7 minute read
Refuge on Fire
Where do we turn when disaster destroys places that were supposed to be sanctuaries?
BY Meg Bernhard
The fire started on a blazing, windy day. Lightning struck wilderness, and the desert erupted. “There’s no way you can stop a fire like that,” Mike Gauthier, Mojave National Preserve superintendent, says. The day after the fire started was his first on the job, August 16, 2020. He’d seen plenty of wildfires in his 35 years in the Park Service, but never anything like this. It was like a dragon breathing flames across the Mojave. Hot. Fast.
Firefighters ordered aircraft and additional crew from the state. Gauthier ordered retardant drops from the county, state, and federal government. Their requests were put on hold. Another lightning storm had struck in northern California, resulting in the August Complex Fire, which would become the largest recorded wildfire in state history. With so much of California burning simultaneously, most fire-fighting resources were diverted to cities and towns along the northern coast, where human life was at risk.
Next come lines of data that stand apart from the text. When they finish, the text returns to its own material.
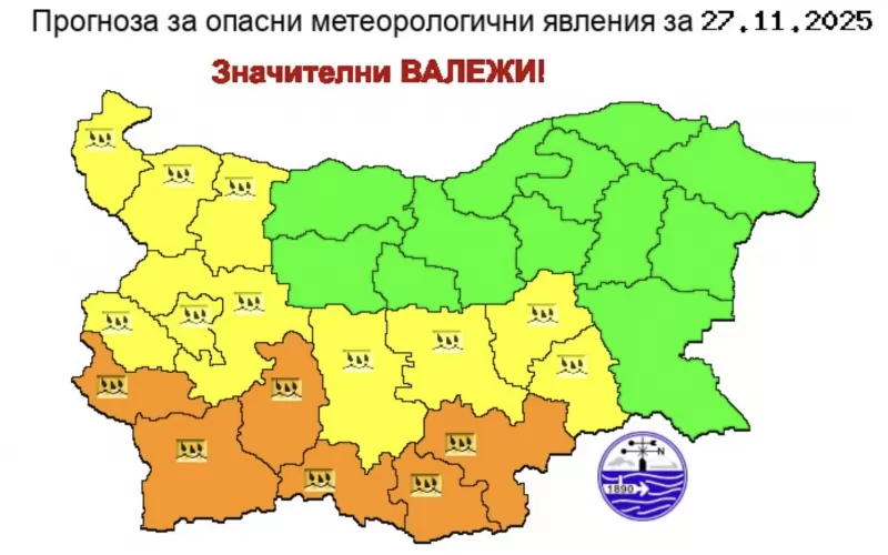 По-силни валежи се очакват в Южна България - областите Благоевград, Смолян, Кърджали, Хасково, но също и в област Кюстендил и Пазарджик. Жълт код е издаден за общини от областите София, Софийска област, Перник, Видин, Пловдив, Пазарджик, Стара Загора, Ямбол, Хасково и др.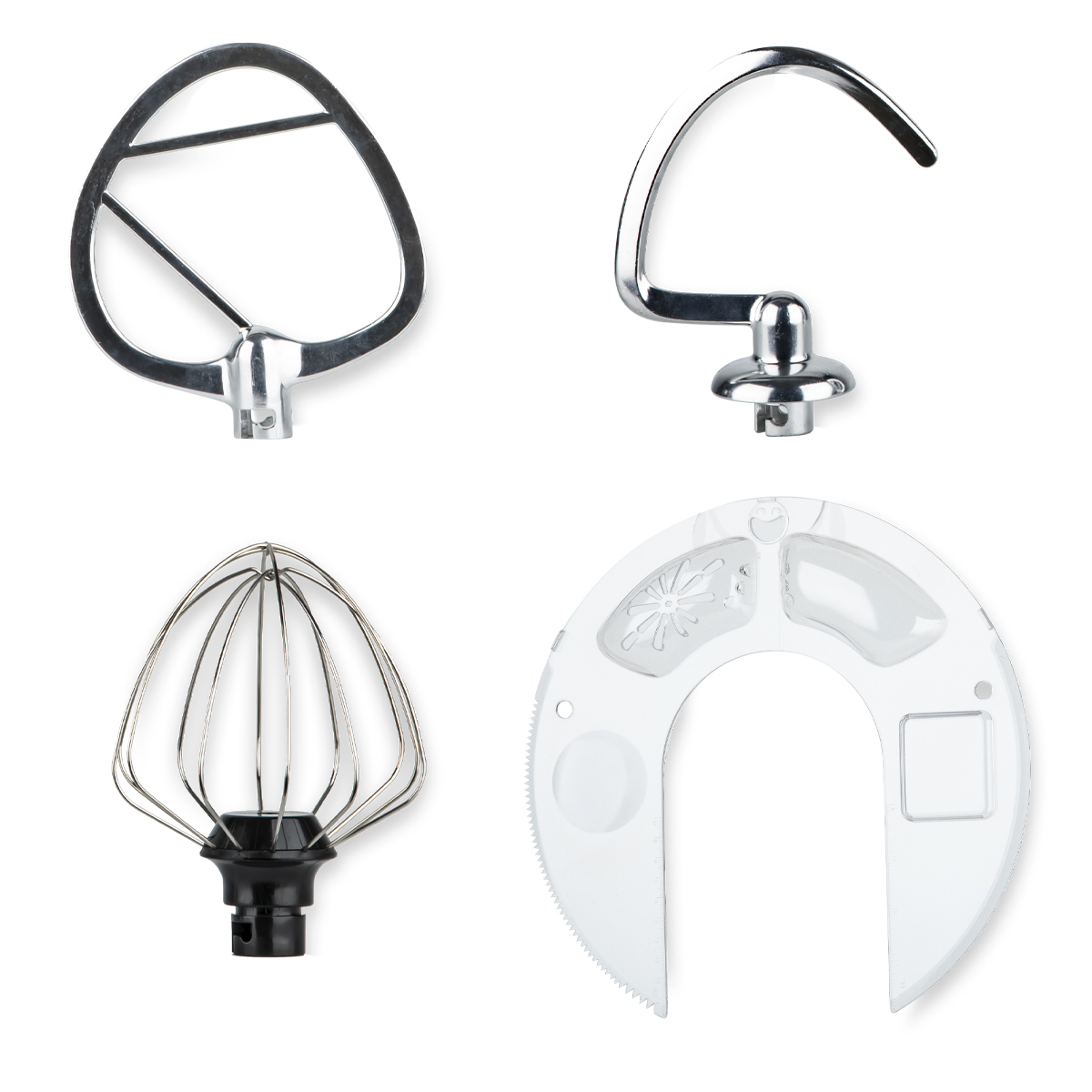 - Accessoires. Il inclut 3 accessoires : mélangeur en aluminium, crochet en aluminium et fouet en acier inoxydable.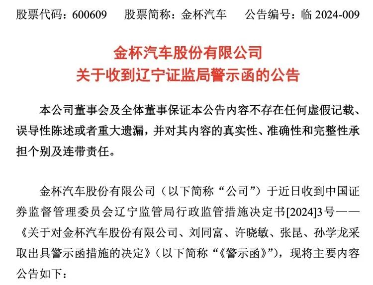 3月29日晚间,金杯汽车公告,公司于近日收到辽宁证监局警示函。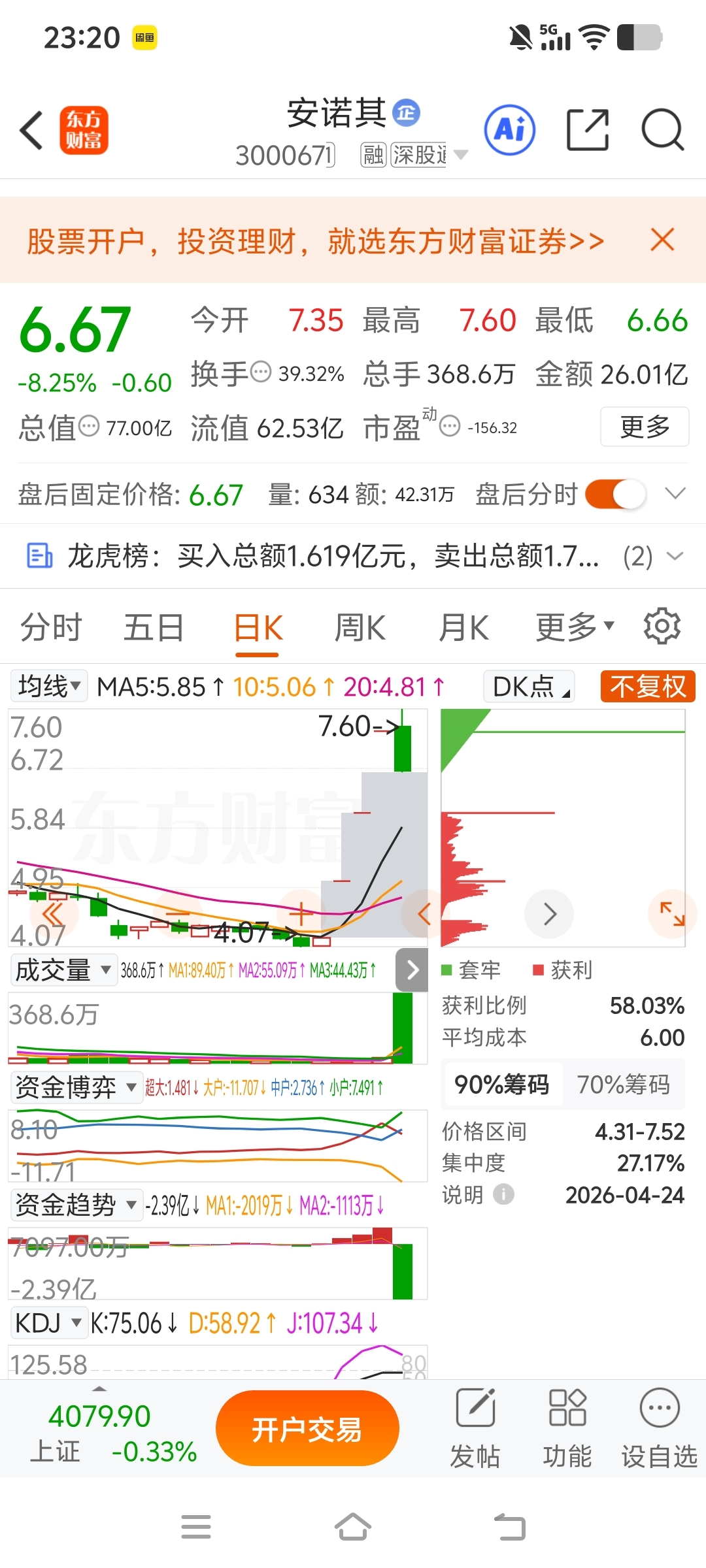 $安诺其(SZ300067)$ 周五换手太大,资金分歧,下周一盘中不能快速突破7.6,还是出来为好,反正大家都赚钱了,大约盈利都在40%左右,先出来看看,等企稳了在做决策是否进!

Cima Dome, the gently sloping granite mound near the Nevada border where Gauthier’s fire started, was home to blackbrush and creosote and Joshua trees, but very few humans.
Before the Dome Fire was contained, more than 43,000 acres and a million Joshua trees burned.
ON A COLD Saturday morning in March 2022, I visited the scorched woodland with a friend. We pulled onto a dirt road leading to an old cattle ranch, our destination. Miles off the interstate, I began to see the mark of the fire. The twisting, contorted Joshua trees were ashy white and black, as though made of newspaper, and the soil beneath them was, in some places, singed. The spectral forest extended as far as I could see, thousands of plants sapped of color. We parked next to a Subaru covered in national parks stickers and walked into the foyer of a creaky building, where a crowd of people bundled in thick jackets and beanies huddled against the cold and listened to Andrew Kaiser, a Mojave National Preserve botanist, yell over the wind. We were there to plant young Joshua trees, a National Park Service restoration project.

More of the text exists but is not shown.